Dataset entries
□ □ □ □ □ □ □
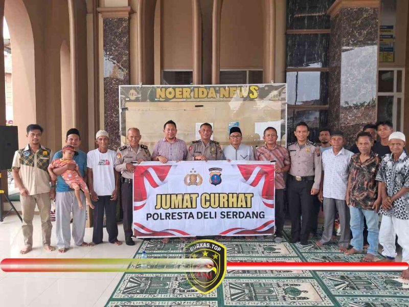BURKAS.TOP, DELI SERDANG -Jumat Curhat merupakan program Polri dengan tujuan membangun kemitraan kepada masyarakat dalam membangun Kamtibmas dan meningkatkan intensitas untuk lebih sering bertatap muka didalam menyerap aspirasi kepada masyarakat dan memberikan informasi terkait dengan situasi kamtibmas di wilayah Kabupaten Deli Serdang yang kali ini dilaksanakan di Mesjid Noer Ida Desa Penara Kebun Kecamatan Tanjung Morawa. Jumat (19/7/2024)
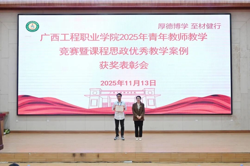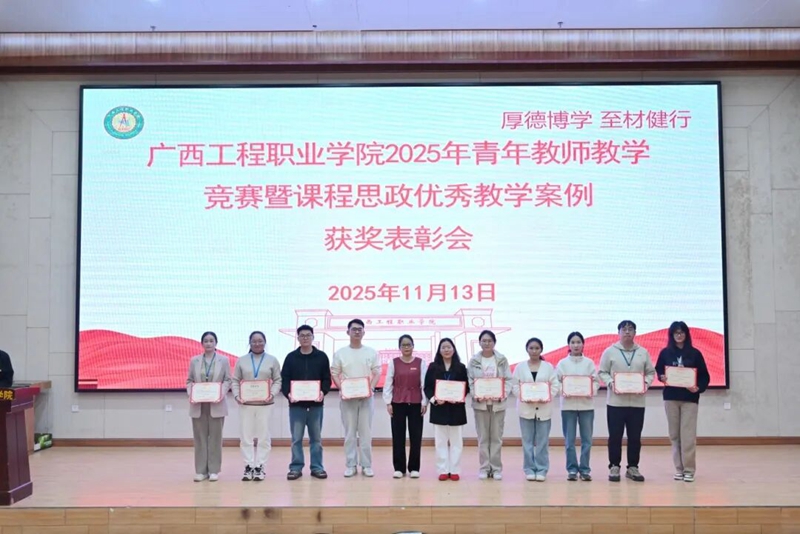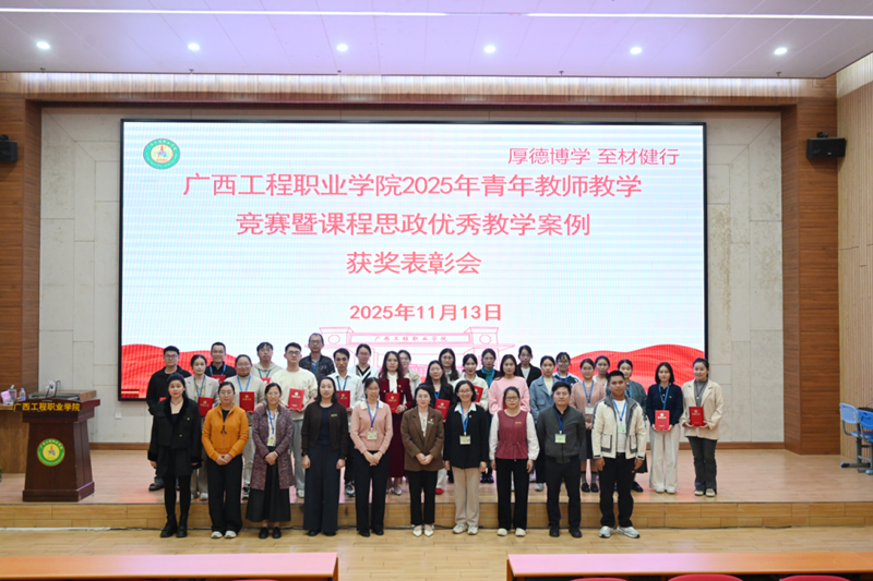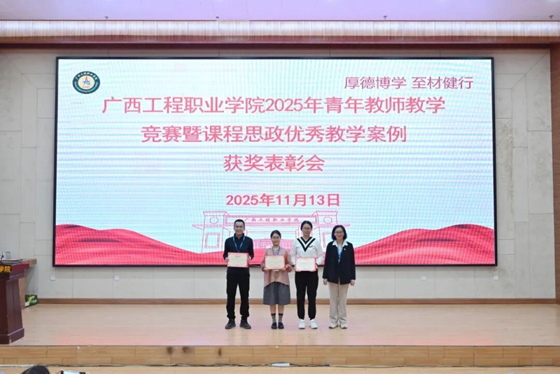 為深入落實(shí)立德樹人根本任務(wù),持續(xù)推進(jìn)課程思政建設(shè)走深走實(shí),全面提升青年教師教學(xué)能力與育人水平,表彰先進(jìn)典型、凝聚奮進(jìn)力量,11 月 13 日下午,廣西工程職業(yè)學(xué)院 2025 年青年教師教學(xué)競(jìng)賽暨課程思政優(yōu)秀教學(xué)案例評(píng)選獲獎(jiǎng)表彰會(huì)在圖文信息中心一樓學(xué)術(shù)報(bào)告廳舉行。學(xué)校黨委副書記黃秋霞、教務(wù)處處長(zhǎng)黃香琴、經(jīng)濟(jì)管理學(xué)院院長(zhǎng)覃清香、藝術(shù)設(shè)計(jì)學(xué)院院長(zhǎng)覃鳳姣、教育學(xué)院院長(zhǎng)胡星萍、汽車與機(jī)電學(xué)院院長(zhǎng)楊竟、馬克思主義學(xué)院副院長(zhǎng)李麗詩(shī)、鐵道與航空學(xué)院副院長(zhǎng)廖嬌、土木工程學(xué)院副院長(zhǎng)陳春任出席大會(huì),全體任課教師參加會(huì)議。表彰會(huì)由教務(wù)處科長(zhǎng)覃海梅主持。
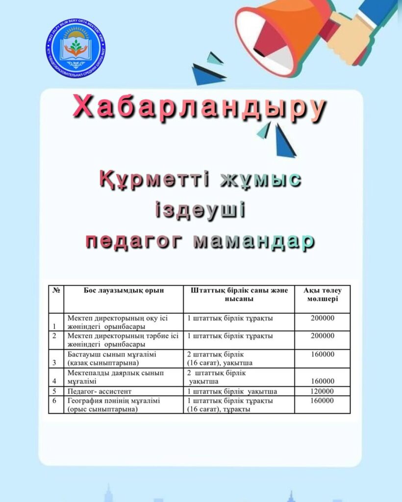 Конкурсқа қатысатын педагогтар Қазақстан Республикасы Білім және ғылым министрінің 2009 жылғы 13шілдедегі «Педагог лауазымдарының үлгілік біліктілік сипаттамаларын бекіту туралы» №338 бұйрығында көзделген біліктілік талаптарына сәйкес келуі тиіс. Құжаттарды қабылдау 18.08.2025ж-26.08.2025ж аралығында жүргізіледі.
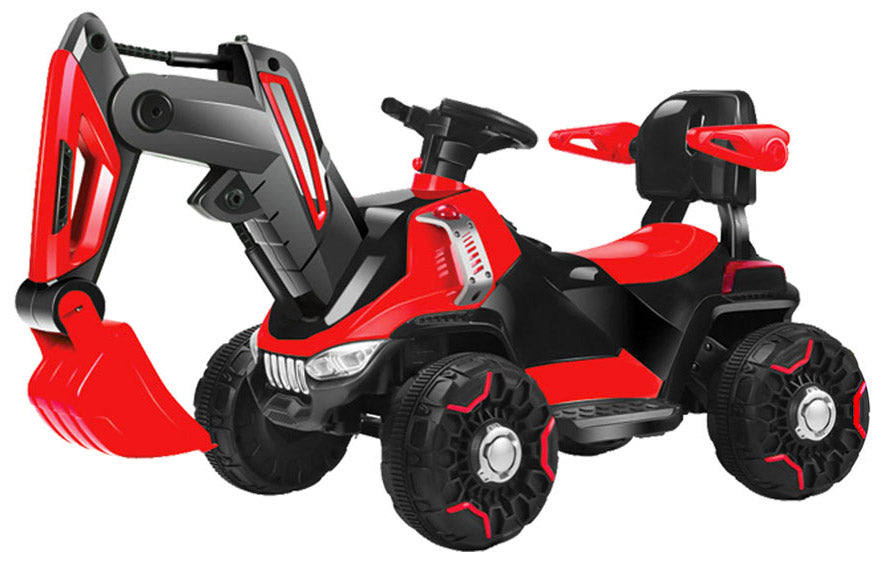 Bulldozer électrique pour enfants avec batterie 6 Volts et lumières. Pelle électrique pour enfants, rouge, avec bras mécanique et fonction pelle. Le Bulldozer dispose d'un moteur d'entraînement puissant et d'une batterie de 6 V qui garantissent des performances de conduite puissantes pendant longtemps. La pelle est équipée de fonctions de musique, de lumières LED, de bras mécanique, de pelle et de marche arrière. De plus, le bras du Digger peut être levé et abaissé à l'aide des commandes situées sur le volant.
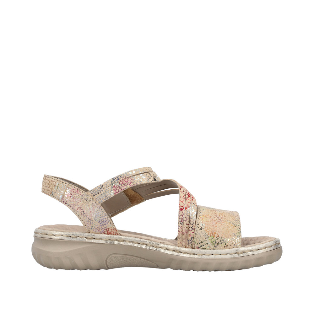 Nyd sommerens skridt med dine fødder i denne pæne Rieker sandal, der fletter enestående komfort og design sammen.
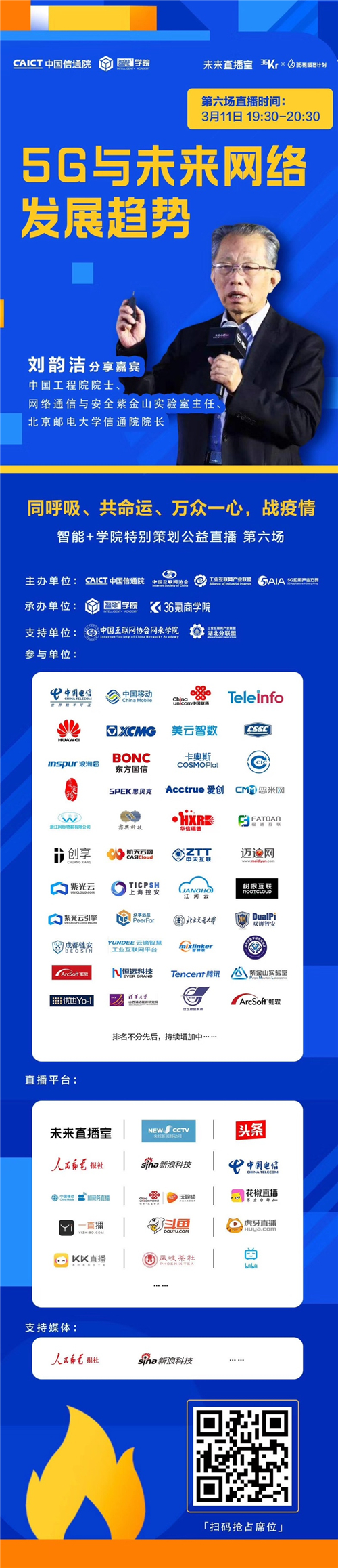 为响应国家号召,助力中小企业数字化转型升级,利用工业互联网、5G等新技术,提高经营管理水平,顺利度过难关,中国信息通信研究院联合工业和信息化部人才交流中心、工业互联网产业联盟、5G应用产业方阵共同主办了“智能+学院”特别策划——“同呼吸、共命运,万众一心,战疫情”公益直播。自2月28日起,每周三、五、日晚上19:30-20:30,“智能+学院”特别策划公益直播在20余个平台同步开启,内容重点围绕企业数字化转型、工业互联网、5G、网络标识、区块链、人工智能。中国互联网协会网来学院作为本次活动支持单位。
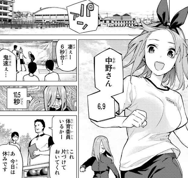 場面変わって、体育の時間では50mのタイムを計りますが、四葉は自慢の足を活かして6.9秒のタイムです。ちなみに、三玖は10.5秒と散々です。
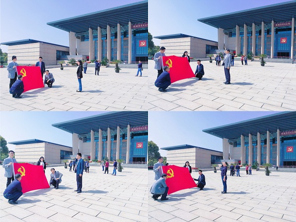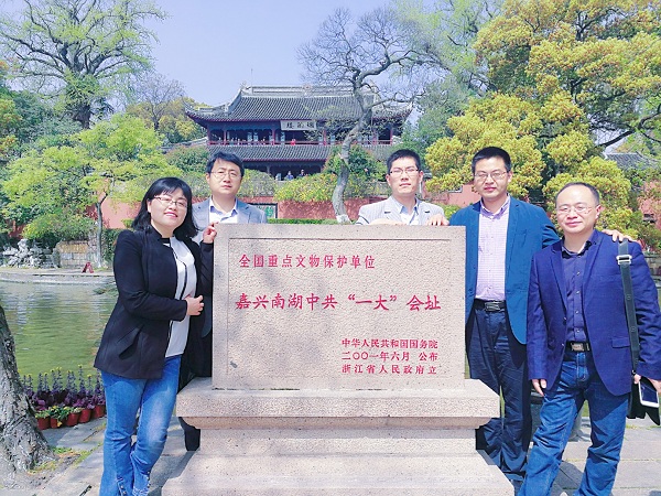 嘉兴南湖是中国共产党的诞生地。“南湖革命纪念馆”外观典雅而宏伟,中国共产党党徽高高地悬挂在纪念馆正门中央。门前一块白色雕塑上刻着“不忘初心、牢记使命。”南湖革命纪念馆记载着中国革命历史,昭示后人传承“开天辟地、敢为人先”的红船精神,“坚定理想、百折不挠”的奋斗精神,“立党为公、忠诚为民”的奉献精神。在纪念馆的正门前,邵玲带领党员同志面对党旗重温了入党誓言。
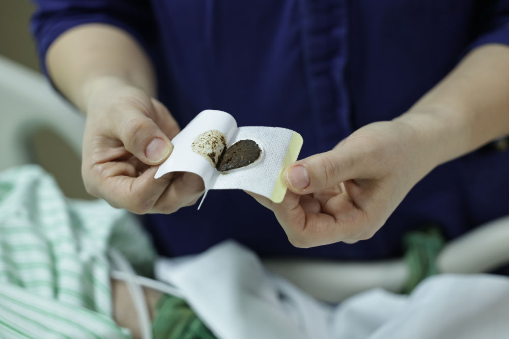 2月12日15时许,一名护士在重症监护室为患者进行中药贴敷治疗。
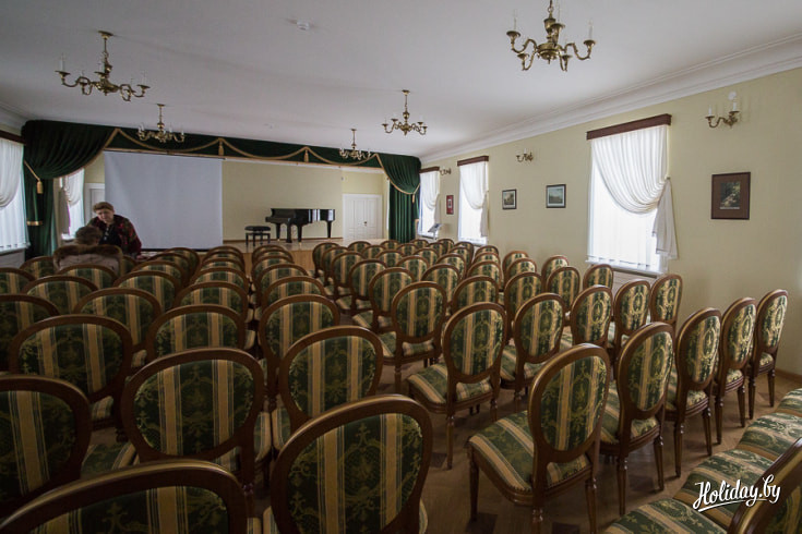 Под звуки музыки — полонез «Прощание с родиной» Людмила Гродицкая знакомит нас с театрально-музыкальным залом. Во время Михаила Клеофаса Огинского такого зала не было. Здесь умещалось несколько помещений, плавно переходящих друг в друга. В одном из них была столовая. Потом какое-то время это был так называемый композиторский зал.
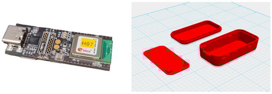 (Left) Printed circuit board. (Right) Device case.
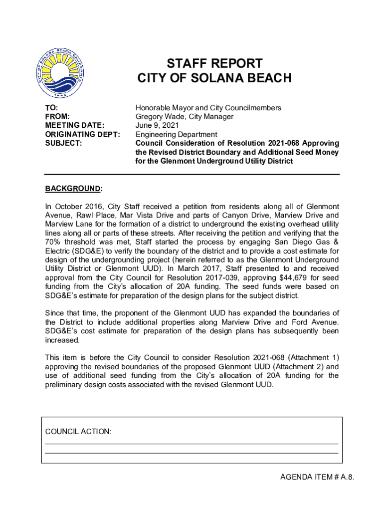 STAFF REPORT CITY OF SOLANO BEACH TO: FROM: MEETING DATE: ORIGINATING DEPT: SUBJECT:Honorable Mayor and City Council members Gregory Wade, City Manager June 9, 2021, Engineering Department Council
□ □ □ □ □ □ □
Exercise directions
Leaving out the pictures, please output the lines in the entries above from the one with "場面変わって、体育の時間では" through the one with "2月12日15时许,一名护士在重症监护室为患者进行中药贴敷治疗。", exactly as they are.

Result of this task
 場面変わって、体育の時間では50mのタイムを計りますが、四葉は自慢の足を活かして6.9秒のタイムです。ちなみに、三玖は10.5秒と散々です。
 嘉兴南湖是中国共产党的诞生地。“南湖革命纪念馆”外观典雅而宏伟,中国共产党党徽高高地悬挂在纪念馆正门中央。门前一块白色雕塑上刻着“不忘初心、牢记使命。”南湖革命纪念馆记载着中国革命历史,昭示后人传承“开天辟地、敢为人先”的红船精神,“坚定理想、百折不挠”的奋斗精神,“立党为公、忠诚为民”的奉献精神。在纪念馆的正门前,邵玲带领党员同志面对党旗重温了入党誓言。
 2月12日15时许,一名护士在重症监护室为患者进行中药贴敷治疗。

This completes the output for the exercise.